### What this task involves
Print the data exactly as written, line for line, and leave its pictures behind.

=== Supplied information ===

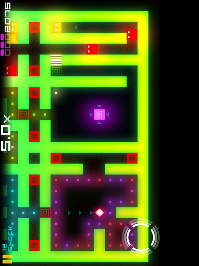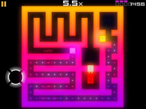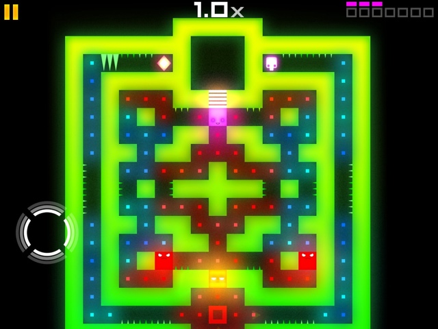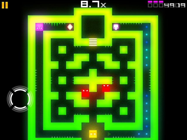 The pink square in your disposal is controlled by a virtual dpad that never really gets in the way of the action and is implemented pretty well. At times moving perfectly in a specific direction may cause problems, but only in wide open spaces. You can move Cratos as well as certain yellow blocks to manuever through each level and find exit points after collecting all the dots. Other blocks are immobile, however, and you have three chances or lives to avoid the red enemy-blocks. As you keep gathering point multipliers are awarded as long as the pink square doesn’t get hit. There are also various platforms that need to be activated in order to open an entry point or door to a new section of the level and this is done by doing puzzles such as moving a block onto a switch.
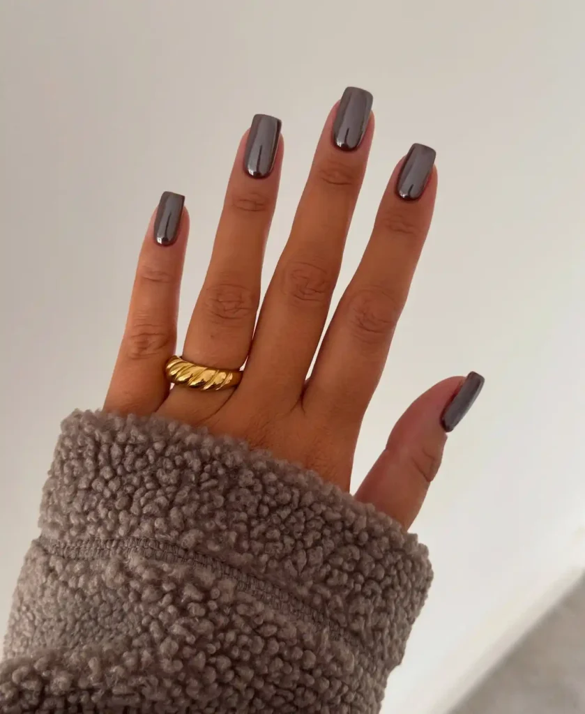 Short square tips with gunmetal chrome keep things modern. The mirror sheen adds edge to a simple outfit.
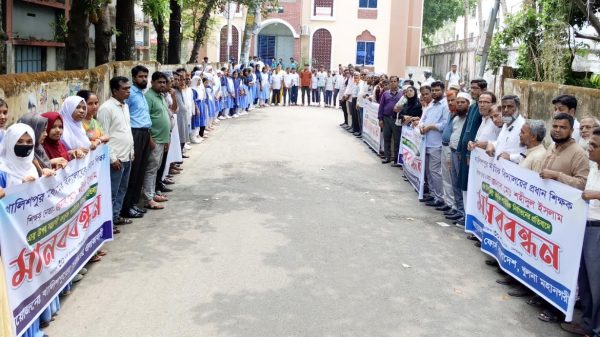 সোমবার (৩০ মার্চ) সকাল সারে ১১ টায় খুলনার বিভিন্ন শিক্ষা প্রতিষ্ঠানের প্রধান শিক্ষক, শিক্ষক প্রতিনিধি, অভিভাবক ও স্থানীয় গণ্যমান্য ব্যক্তিবর্গের উপস্থিতিতে মানববন্ধন কর্মসূচি অনুষ্ঠিত হয়।

===

### Task output
 The pink square in your disposal is controlled by a virtual dpad that never really gets in the way of the action and is implemented pretty well. At times moving perfectly in a specific direction may cause problems, but only in wide open spaces. You can move Cratos as well as certain yellow blocks to manuever through each level and find exit points after collecting all the dots. Other blocks are immobile, however, and you have three chances or lives to avoid the red enemy-blocks. As you keep gathering point multipliers are awarded as long as the pink square doesn’t get hit. There are also various platforms that need to be activated in order to open an entry point or door to a new section of the level and this is done by doing puzzles such as moving a block onto a switch.
 Short square tips with gunmetal chrome keep things modern. The mirror sheen adds edge to a simple outfit.
 সোমবার (৩০ মার্চ) সকাল সারে ১১ টায় খুলনার বিভিন্ন শিক্ষা প্রতিষ্ঠানের প্রধান শিক্ষক, শিক্ষক প্রতিনিধি, অভিভাবক ও স্থানীয় গণ্যমান্য ব্যক্তিবর্গের উপস্থিতিতে মানববন্ধন কর্মসূচি অনুষ্ঠিত হয়।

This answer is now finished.